8. „On ma dziewczyne, a ja chłopaka".

175 12 4
                                    

Następnego ranka obudziłam się na...kanapie?! I to w dodatku nie w moim domu? Szybko sprawdziłam czy jestem ubrana w coś. Miałam zmienioną koszulkę i spodenki na... męskie. Stanik i majtki były na szczęście na miejscu.

Próbowałam sobie przypomnieć co wczoraj się zdarzyło, gdy nagle do salonu wszedł z sypialni Scott. Miał na sobie czarne bokserki i był bez koszulki przez co jego umięśnione ciało było pokazane co do centymetra.

—Widzę, że ślicznotka wstała?—wyrwał mnie głos Scotta z myśleń.—Nie chciałem cie obudzić, wiec śniadanie zjadłem w swoim pokoju.

O kurde specjalnie, zjadł śniadanie w swoim pokoju, żeby MNIE nie obudzić. Aleeee to słodziachneee.

—Em.. Tak. Co się stało? Dlaczego spałam u ciebie?

—Nic nie pamiętasz?—pokręciłam głową.

—Cóż też bym nic nie pamiętał po takiej ilości alkoholu.—zaśmiał się Scott. Ten jego uroczy śmiech, który dochodził do moich uszu sprawił, że zrobiłam maślaną minę, na co ten jeszcze się bardziej zaśmiał. W porę się otrząsnęłam.

—Jakiej ilości alkoholu?—spytałam.

—No całe dwie półtora litrowe butelki wódki z energetykami potrafią dać niezłego kopa.

—Co-?

—No po tym jak przyszedł do mnie Luc i Will, poszłaś do sklepu, a my za tobą martwiąc się...

—Czekaj, czekaj Lucas też poszedł, bo MARTWIŁ SIĘ? Człowieku znasz słowo martwić się? To nie jest w ogóle podobne do Luc'a. On potrafi tylko się wkurwiać na kogoś albo nic kompletnie nic nie czuć.—powiedziałam, będąc całkowicie pewna, ale cóż jak to ja nie miałam znowu racji.

—Oh... Nie znasz Lucasa tak jak ja... On też ma emocje, ale za bardzo został zraniony w przeszłości, przez co teraz bardzo uważa.—powiedział smutny Scott.

—Co się stało?

—Jego rodzicie się wparli jego siostry i po części go i jego brata... Został wychowywany przez babkę, która.. oj uwierz do tych miłych nie należała... Jego najlepszy kumpel zgwałcił jego siostrę, a on... zrobił coś czego żałuje... ale to już on ci powinien powiedzieć. Tylko obiecaj mi, że nie piśniesz ani słówka o tym co ci powiedziałem.—odchrząknął.

—Obiecuje.—odpowiedziałam ciszej przykładając rękę do serca, na co oboje parskliśmy śmiechem.

—Dokończając... Ja, Will i Luc poszliśmy za tobą. Szliśmy jakieś dwadzieścia minut, aż zauważyliśmy sklep.

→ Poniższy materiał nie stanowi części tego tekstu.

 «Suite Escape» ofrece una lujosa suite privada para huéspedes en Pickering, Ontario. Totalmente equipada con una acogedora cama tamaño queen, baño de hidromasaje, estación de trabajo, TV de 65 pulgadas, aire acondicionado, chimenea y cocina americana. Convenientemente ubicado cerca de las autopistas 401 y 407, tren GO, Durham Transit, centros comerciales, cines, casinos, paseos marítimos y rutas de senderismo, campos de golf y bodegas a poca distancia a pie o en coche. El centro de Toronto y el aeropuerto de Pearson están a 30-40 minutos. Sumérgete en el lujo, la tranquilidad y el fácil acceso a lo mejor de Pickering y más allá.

Weszliśmy razem z tobą do niego i tylko przyglądaliśmy się co kupujesz w tym dwie butelki wódki półtora litrowe i kilka energetyków. Kupiłaś
i wróciłaś na co my też. W domu jak byliśmy Lucas próbował ci to wziąć, bo wiedział jakiego potem będziesz miała kaca, ale cóż nie wyszło mu to ani jemu, ani nam z tym, że z Luc'iem powymieniałaś się ostro zdaniami, przez co Luc z Willem wyszli
z trzaskiem zamykając drzwi, a ty wypiłaś w ciągu godziny to wszystko i zasnęłaś od razu. Postanowiłem cie przebrać. I to tyle. Koniec.

Nie mogłam w to uwierzyć, że w ciągu tygodnia nachlałam się jak zwykła świnia.

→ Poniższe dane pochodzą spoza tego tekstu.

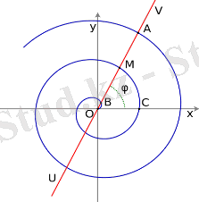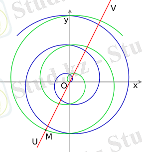 Обе ветви спирали представляются схожим уравнением (1) . Положительным значениям согласовывается правая спираль, отрицательным - левая спираль. Если точка M будет двигаться по прямой UV из отрицательных значений через центр вращения O и далее в положительные значения, вдоль прямой UV, то точка M опишет обе ветви спирали.

—Co... co powiedzieliśmy z Lucasem?—spytałam przerażona, szukając komórki.

—Cóż... powinnaś go o to spytać...—odchrząknął Scott idąc prosto do kuchni.

—Kurwa, wiesz gdzie moja komórka?!

—Tak, leży na blacie w kuchni, bo tu go położyłaś.—odpowiedział ciemno-blondyn.

Wstałam, powędrowałam do kuchni, która była połączona z salonem. Wzięłam go do ręki i...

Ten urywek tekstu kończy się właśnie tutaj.